Background information
- Also known as: The Hair (2003–2009, 2016)
- Origin: York/Leeds, Yorkshire, UK
- Genres: Indie rock, electronic
- Years active: 2003–2016
- Labels: Louder Than Bombs, Cool For Cats, Four Plus Five, Kurofune, Front Wall, All Sorted !?!, ASR, Tri-Tone
- Past members: Lee Clark Neil Clark Sam Robson Rich Craig Vijay Mistry James Kenosha
- Website: www.clubsmith.co.uk (as of 22 October 2014)

= Club Smith =

English band (2003–2016)

Club Smith were an English electro-indie band based in York and Leeds, England, formed in September 2003 as The Hair. The band originally consisted of Sam Robson (vocals/guitar), Neil Clark (keyboard/backing vocals), Lee Clark (bass guitar/backing vocals) and Rich Craig (percussion), with Craig being replaced by Vijay Mistry in 2008 and later James Kenosha in 2013. The Hair rebranded to Club Smith in 2009 and were known for their energetic live performances and toured venues and festivals across the UK and Europe. The band were one of the acts featured on the BBC’s ‘introducing’ stage at the Reading and Leeds Festivals in 2010. Club Smith disbanded in 2016 after a one-off reunion gig with Mistry (reverting to the "Hair" moniker).

==History==
As Club Smith’s presence grew they supported leading acts such as the Sunshine Underground, Mystery Jets, The Pigeon Detectives and Two Door Cinema Club (all of whom The Hair previously toured with) and played venues all over the UK and as far away as Berlin in addition to playing the 2010 Reading and Leeds Festivals. In 2010, they released their first two EPs, The Loss and The Process. In 2011, the band released their first single under the Club Smith moniker, "No Friend of Mine" and "Young Defeatists" as a double A-side through Front Wall Records.

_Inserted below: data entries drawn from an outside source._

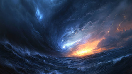 Raging ocean vortex amidst dark thunderous clouds at sea.
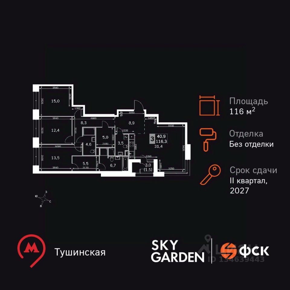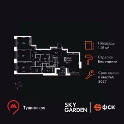 Продаётся 3-к квартира номер 330 общей площадью 116.3 кв.м. на 17-м этаже 44 этажного здания. Без отделки. Цена с учётом скидки.
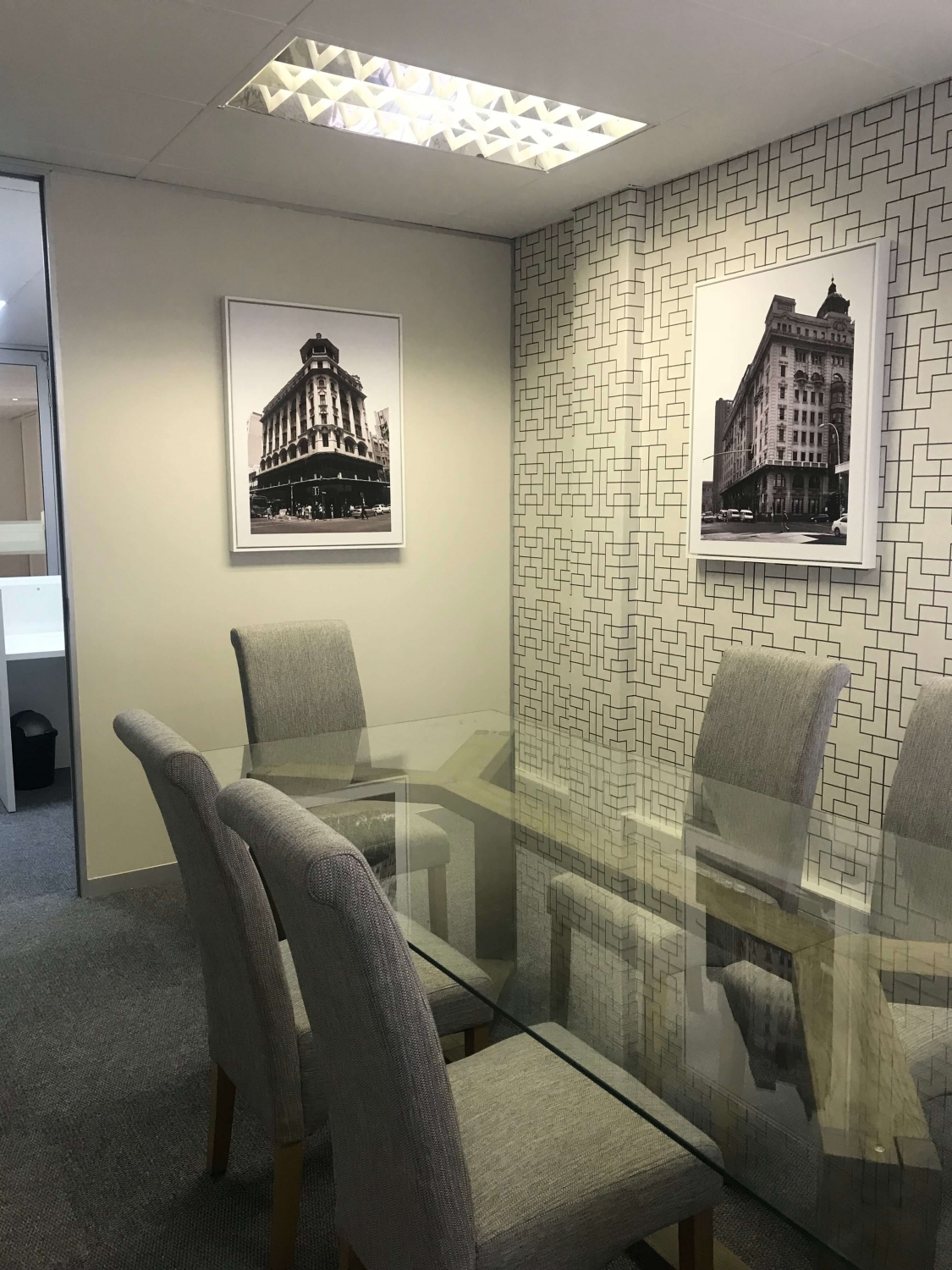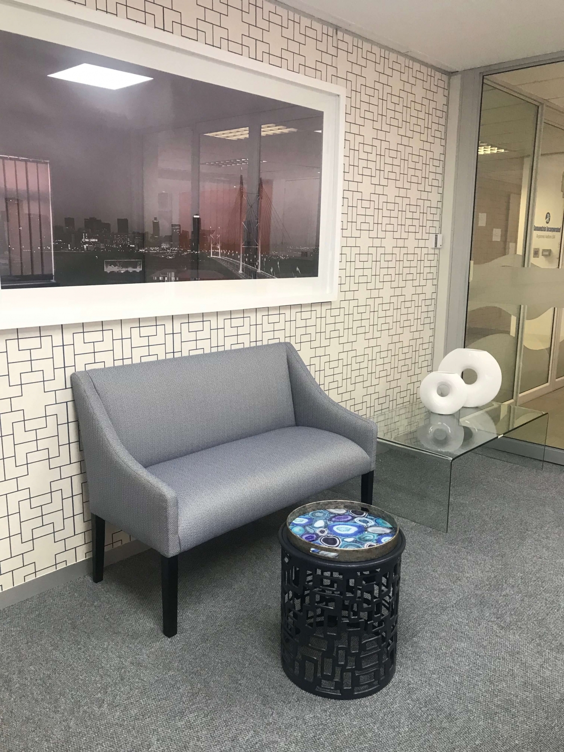 An office reception and boardrooms are the most important touch points for any business receiving client visits. NancyDesigns was commissioned to improve the reception area, as well as boardrooms for an office in Fourways, Gauteng. Corporate offices don’t need to be boring, and this specific office was lit up with a beautiful pattern wallpaper and feature prints on the walls. We included big prints of the old and new Johannesburg giving gravitas and longevity to the décor.

This was followed by a second single released in November 2011, "Call to Harm" through All Sorted Records. Both singles were picked up in national press such as the Independent and Music Week, with Radio DJs Steve Lamacq (6music), John Kennedy (XFM) and Tom Robinson (6music) playing the singles and XFM placing "Call to Harm" on the Evening playlist during that month.

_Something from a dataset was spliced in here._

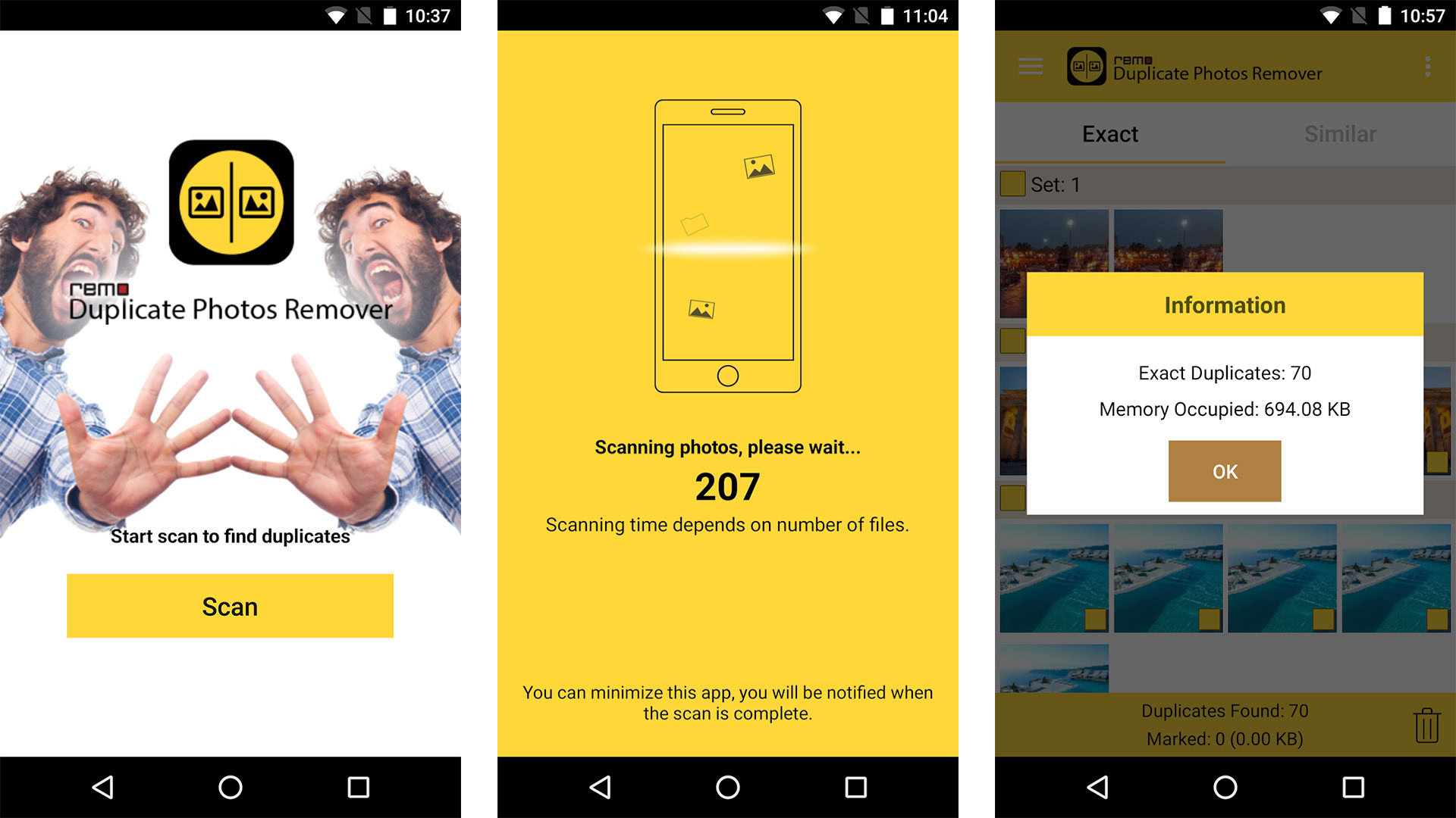 This is when the Remo Duplicate Photos Remover app comes in handy, designed precisely to solve this problem. The app can scan your phone’s memory and SD card photos, then automatically detect and filter out duplicates. It offers two types of scans: one based on exact matches, and another based on similarity. In the latter case, it doesn’t rely only on file names or file sizes, but uses AI-driven algorithms to analyze the image content itself. This is important because duplicates are often not exact copies: the same photo may exist in a slightly different size, compression, or with minimal edits. Remo’s algorithm can recognize these too, bringing real order to your gallery.

In late 2011, Club Smith went into the studio with record producers Will Jackson and James Kenosha to record their second overall album (and first as Club Smith).

During early 2012, Club Smith were selected by Kaiser Chiefs as tour support for seven shows where the band enjoyed a warm reception, selling over 900 tour CDs from the merchandise stand. This led to a distribution deal with Tri-tone and PIASUK distribution which was signed as a partnership with All Sorted !?! Records. The band and label formed and imprint "ASR" to release the debut Club Smith album. During the tour with Kaiser Chiefs, Club Smith picked up positive reviews from press such as The Fly, Record of the Day, Artrocker and the music blog Music Broke My Bones.

On 17 August 2012, Club Smith announced they would release their breakout album Appetite for Chivalry through ASR / Tri-tone (Distributed UK-wide by PIAS Entertainment Group) on 12 November 2012. A limited edition format of the album was released on the band's website on the same day.

In January 2013, it was announced that Vijay Mistry would join Kaiser Chiefs as their new drummer, replacing the recently-departed Nick Hodgson. The band confirmed this on their website, with further detail of how the move would affect the future of the band in an interview with Counterfeit Magazine.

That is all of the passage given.